RESIDENTIAL medication management reviews (RMMRs) are not sufficient to address the "disproportionate number of medication complications" in aged care facilities, the Society of Hospital Pharmacists of Australia (SHPA) believes.
In its submission to the Royal Commission into Aged Care Quality and Safety, the SHPA recommended that aged care facilities should adopt clinical pharmacy services similar to those used in hospitals, instead of relying on contracted community pharmacy services.
The SHPA said the RMMR and home medication review (HMR) programs, funded under the 6th Community Pharmacy Agreement were "limited programs" conducted on an "ad-hoc basis", for aged care facilities.
"In contrast to clinical pharmacy service for patients in hospital settings, current clinical pharmacy service provision to aged care residents and home care clients -- in the form of federally funded programs such as the RMMR and HMR -- is contractual and provided on an ad-hoc basis at the demand of the aged care service and/or on referral from a GP," the association said.
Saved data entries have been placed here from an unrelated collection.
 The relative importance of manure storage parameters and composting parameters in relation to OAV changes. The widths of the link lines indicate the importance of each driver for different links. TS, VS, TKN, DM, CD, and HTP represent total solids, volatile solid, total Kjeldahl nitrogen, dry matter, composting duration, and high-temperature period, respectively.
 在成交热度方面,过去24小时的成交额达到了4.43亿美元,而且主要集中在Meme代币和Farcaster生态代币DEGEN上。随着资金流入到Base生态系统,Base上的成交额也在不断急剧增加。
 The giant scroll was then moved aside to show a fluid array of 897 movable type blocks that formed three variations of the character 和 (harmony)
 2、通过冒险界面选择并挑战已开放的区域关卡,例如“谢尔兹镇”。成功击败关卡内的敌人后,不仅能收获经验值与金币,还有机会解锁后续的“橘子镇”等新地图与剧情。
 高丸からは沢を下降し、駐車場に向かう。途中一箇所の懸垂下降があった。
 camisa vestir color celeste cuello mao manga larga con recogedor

"The contractual model means it is difficult for pharmacist service providers to detect and address medication-related issues and collaborate with medical practitioners to implement recommendations.
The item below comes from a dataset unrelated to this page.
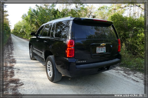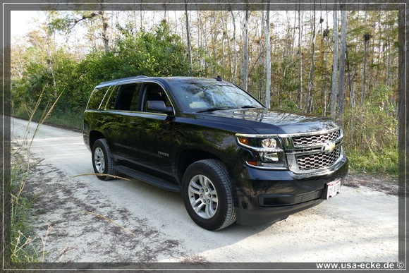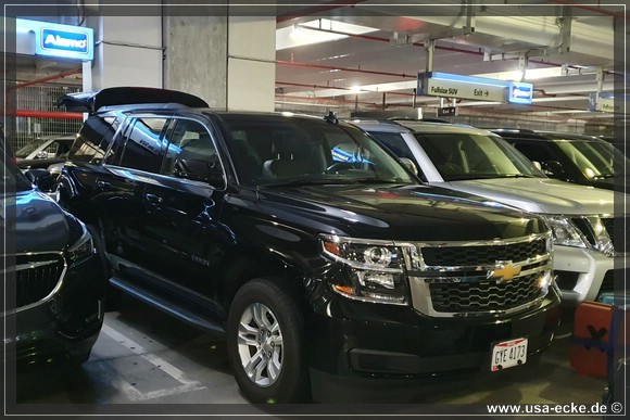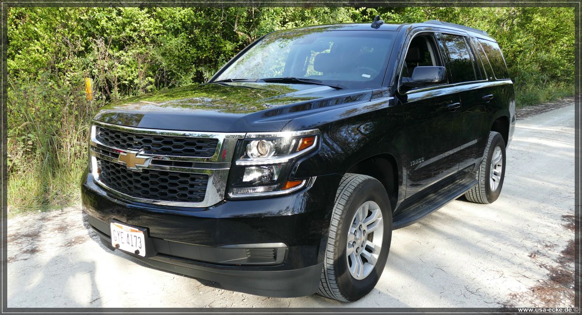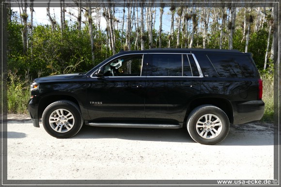 Da wir gemeinsam nur ein Auto gemietet haben, gibt es dieses Mal einen netten etwas groesseren SUV! Die Choiceline mit den Fullsize -SUV’s ist gut bestueckt, doch einer springt uns vieren sofort ins Auge: ein Chevrolet Tahoe (4x4) mit etwas mehr als 10.300 Meilen auf dem Tacho, schwarz mit nahezu Vollausstattung. Im Prinzip der baugleiche SUV wie unser GMC Yukon vom Sommer. Gekauft! |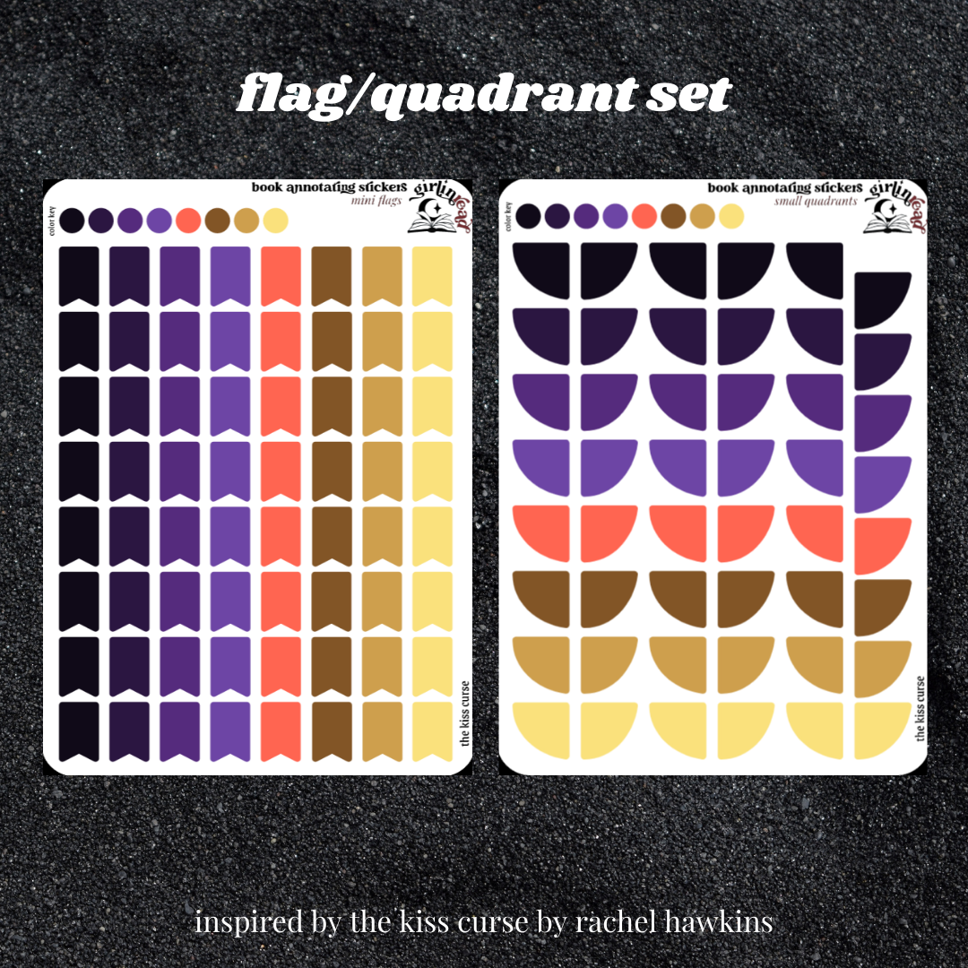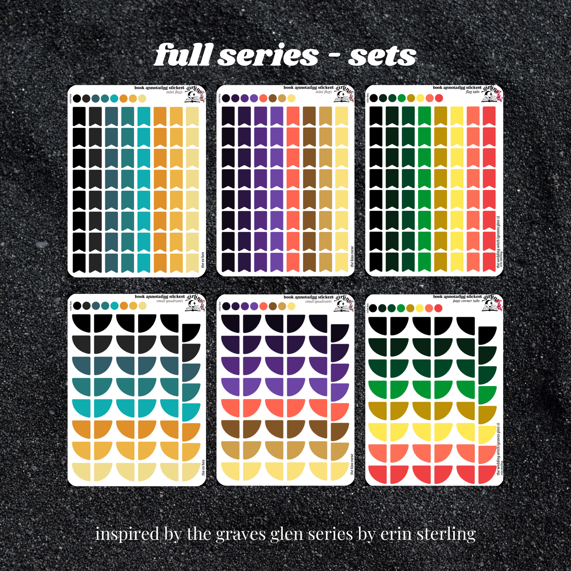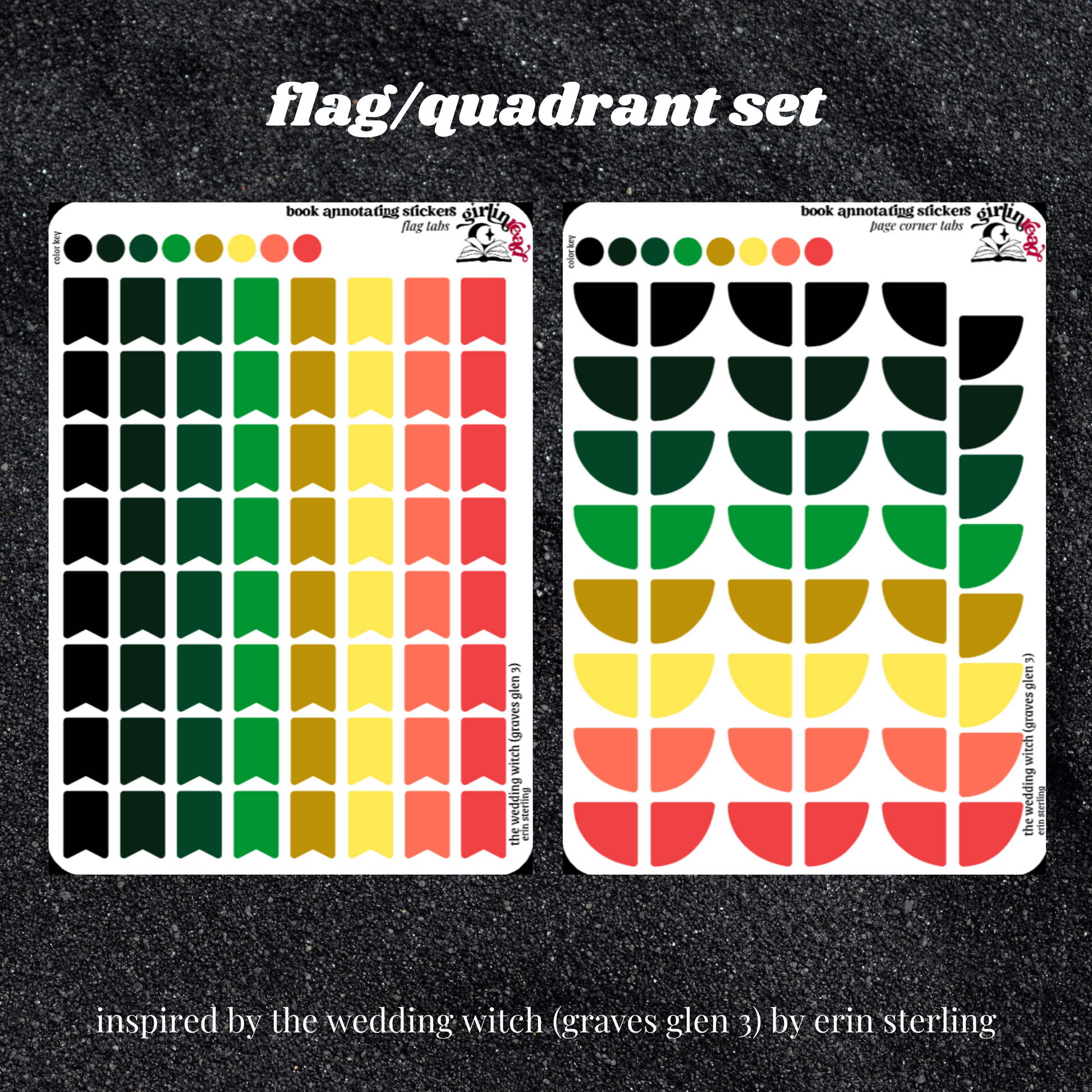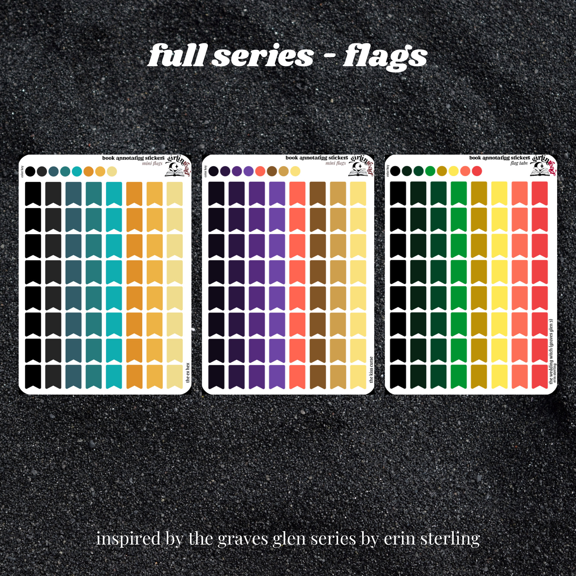 book annotating tabs in the color palette inspired by the book cover for the graves glen series (the ex hex, the kiss curse, the wedding witch)! can be placed in the book you're annotating, your planner, your journal, your reading log, etc.!

"Its inadequacy in addressing the complex needs of this patient group, who require regular and timely monitoring and review of medicines, is further compounded by arbitrary service limits imposed through the CPA, which means most aged care residents can only access one RMMR every two years rather than being re-assessed whenever medical treatment is revised or their health status changes."
The SHPA also recommended that aged care facilities provide a "medication reconciliation" within 48 hours of admission.